EZB dreht Griechenland den Geldhahn zu, doch der DAX unbeeindruckt

2015-02-05 08:30:00
Jens Klatt, Marktstratege
Teile:

(DailyFX.de) – Der DAX hat seinen potentiellen Risk Off-Katalysator: die EZB dreht Griechenland den Geldhahn zu.

Die Nachricht schlug gestern Abend ein wie eine Bombe: griechische Banken können kaum noch (eigentlich "gar keine") griechischen Anleihen mehr als Sicherheit bei der EZB hinterlegen. Das wiederum heißt nichts anderes als: griechischen Banken geht das Geld früher oder später aus und das wiederum begünstigt einen potentiellen Bank Run in Griechenland.

Schaut man sich die Reaktion im DAX an, sieht man eine derzeitige Stabilisierung oberhalb der 10.800er Marke und diese lässt den Schluss zu, dass die Entscheidung der EZB derzeit noch nicht überzubewerten ist.

Denn: das Nicht-Akzeptieren griechischer Schuldtitel beinhaltet nicht, dass nicht andere Schuldtitel als Sicherheit hinterlegt werden können.
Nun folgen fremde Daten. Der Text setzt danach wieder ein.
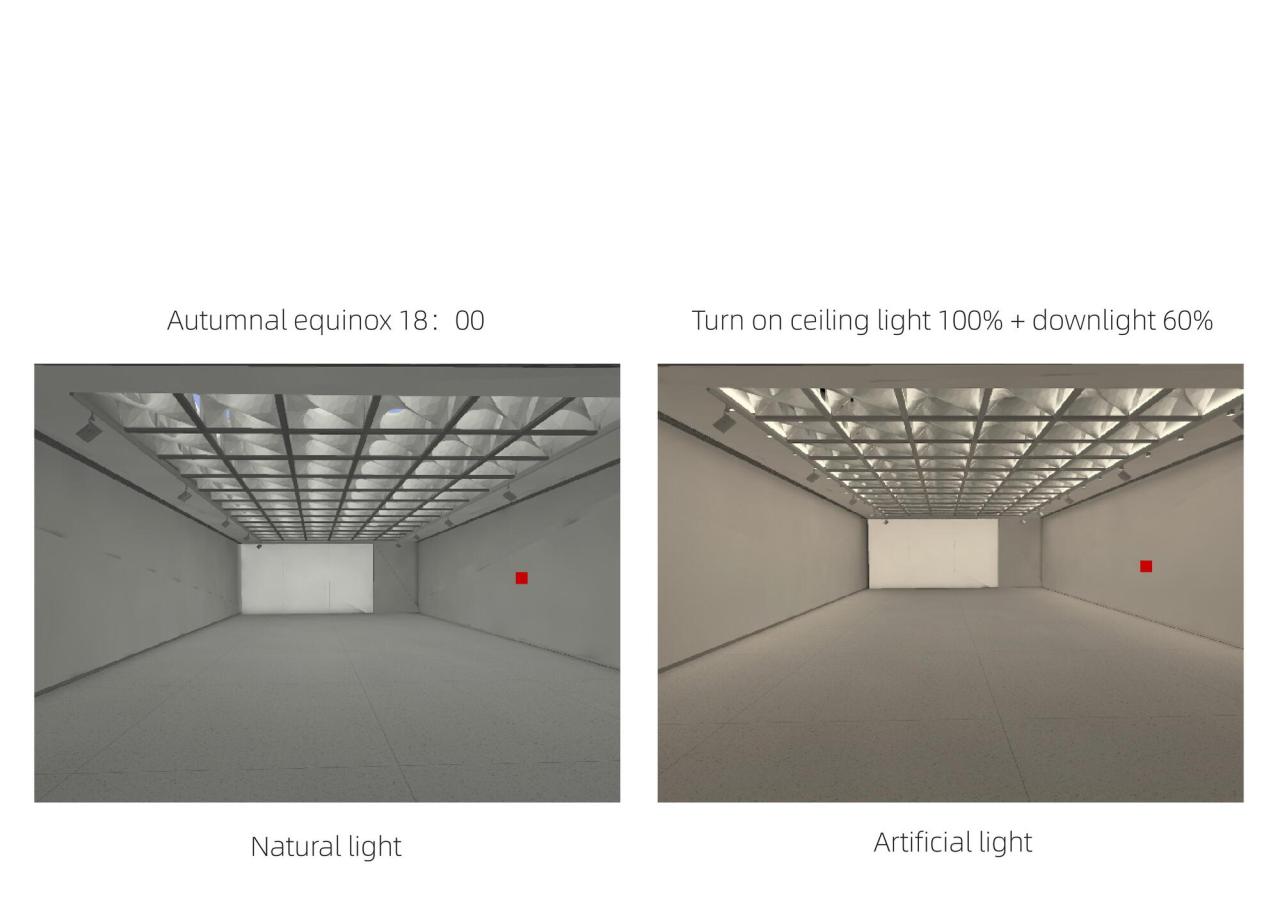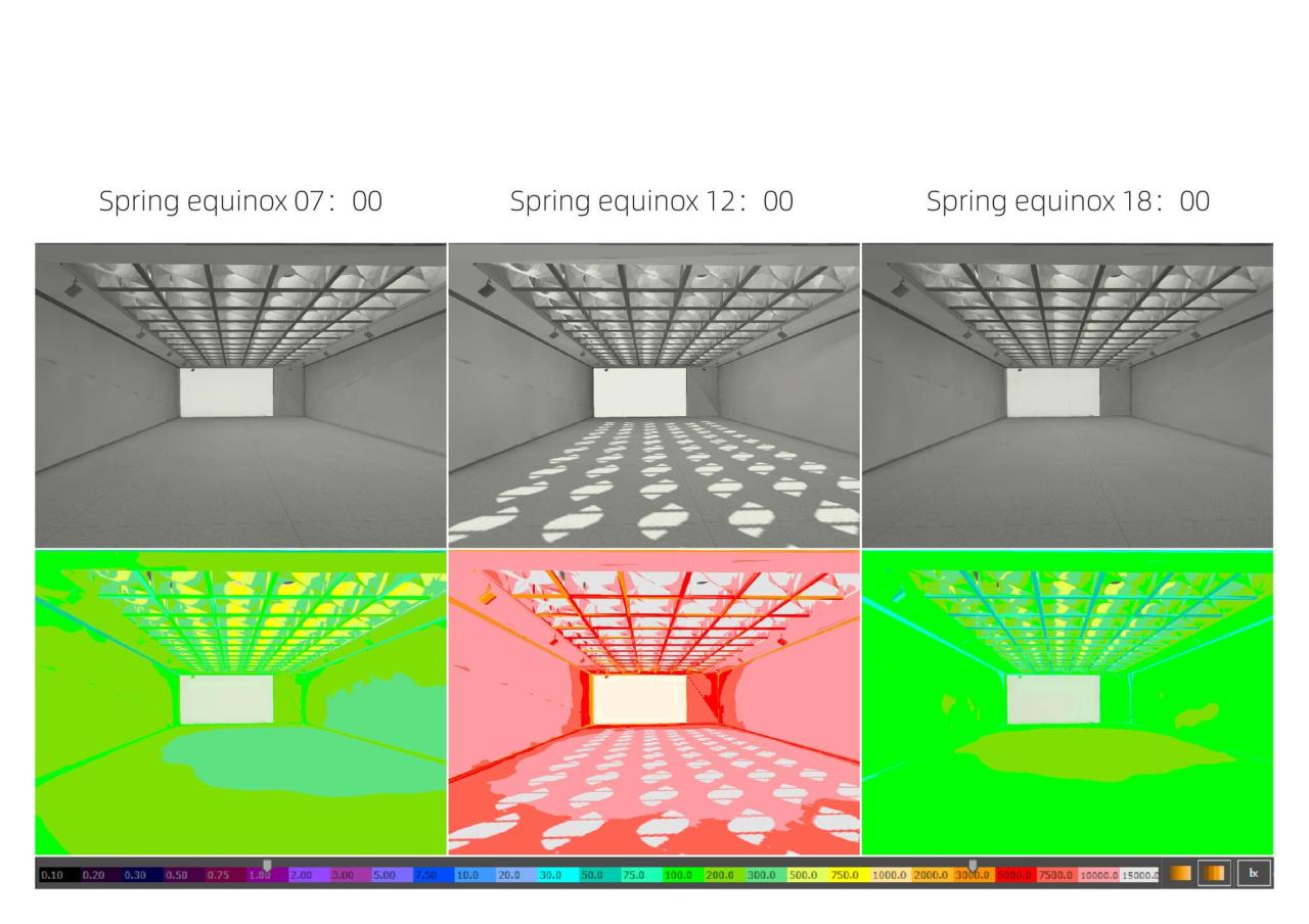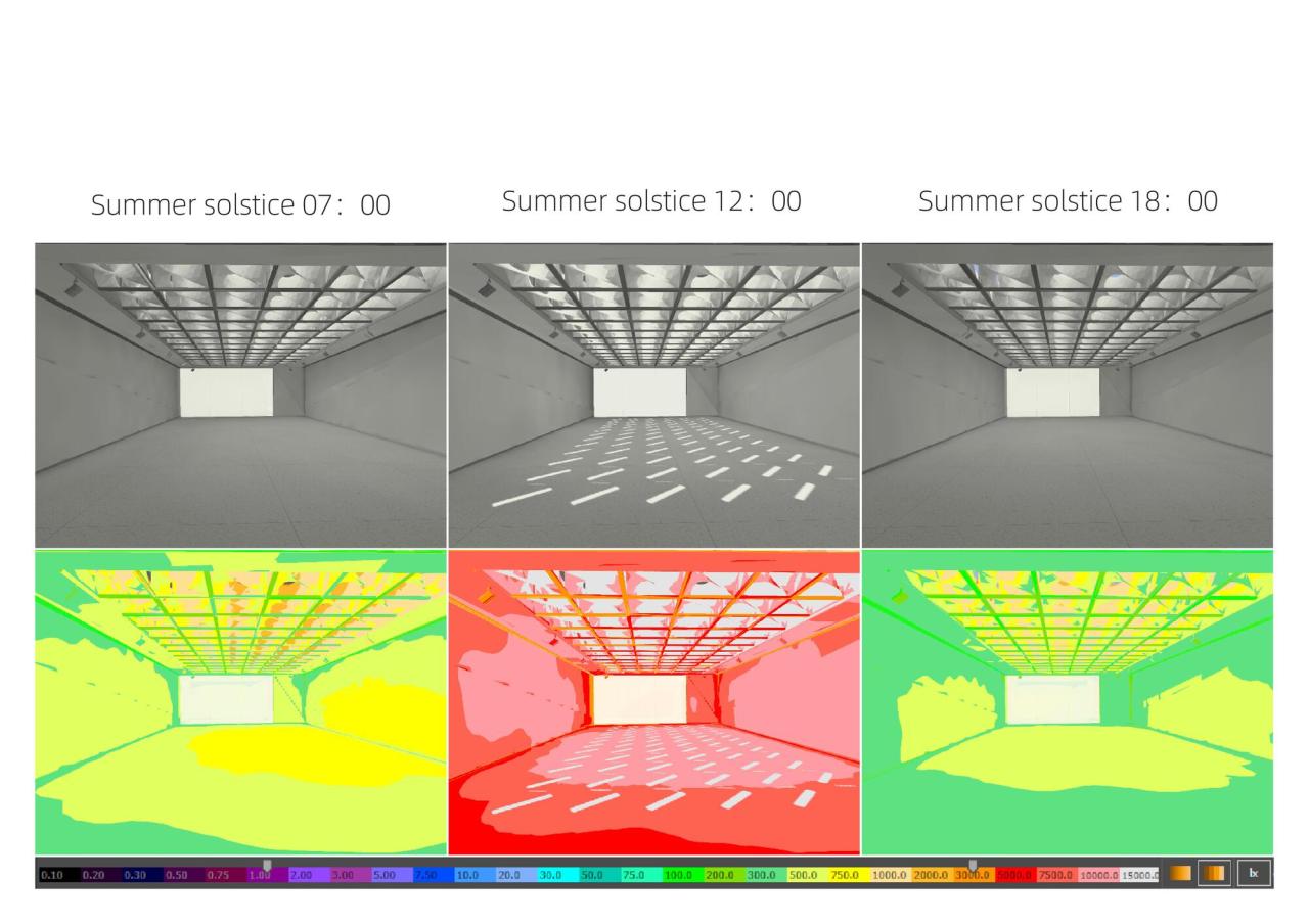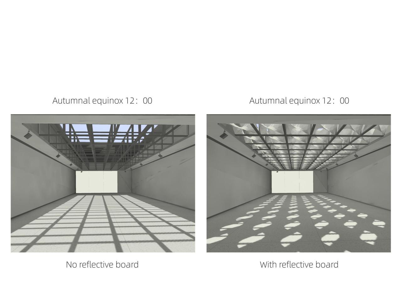 作为艺术展廊,需要根据展品类型控制室内进入的天然光数量,本设计的构思不是简单将天然光阻隔于室外,而是将落到地面、墙面的多余光线,消化在天窗系统里,让天窗系统成为在图案、色温、强度等方面具有动态表现力的画廊界面,同时仍保留了与天空的视线沟通,因而保留了室内空间的时间、天气等自然信息暗示。以秋分晴天为例,,逐时对比模拟显示,设置双曲反射板系统的室内采光更为均匀,光影更为柔和,强度更为舒适,且有效的避免天窗系统的眩光。模块化的反射板天窗系统如同过滤器一般,过滤了强光,在多数时间内保证室内光线的均匀和柔和,且日间的光照强度相对稳定。

Und weitere entstehende Liquiditätsengpässe bei griechischen Banken können über das sogenannte ELA-Programm kompensiert werden.

An erster Stelle bleibt dieser Schritt der EZB zunächst nichts weiter als ein "Schuss gegen den Bug" der griechischen Regierung durch welchen sie versucht Druck auf diese auszuüben, damit diese nicht von ihrem Sparkurs abweicht.

Insgesamt würde ich derzeit sagen, dass es, trotz dieses Risikofaktors mit saubereren Trendbewegungen im DAX vor der Veröffentlichung der Non Farm Payrolls am Freitag schwierig wird.

EZB dreht Griechenland den Geldhahn zu, doch der DAX unbeeindruckt

Quelle: DailyFX WIrtschaftsdatenkalender

Um neue Allzeithochs markieren zu können, lauern, wie oben gezeigt, an zu vielen Ecken zu viele, potentiell negative Faktoren (Details auch unter http://bit.ly/1yHhMqL).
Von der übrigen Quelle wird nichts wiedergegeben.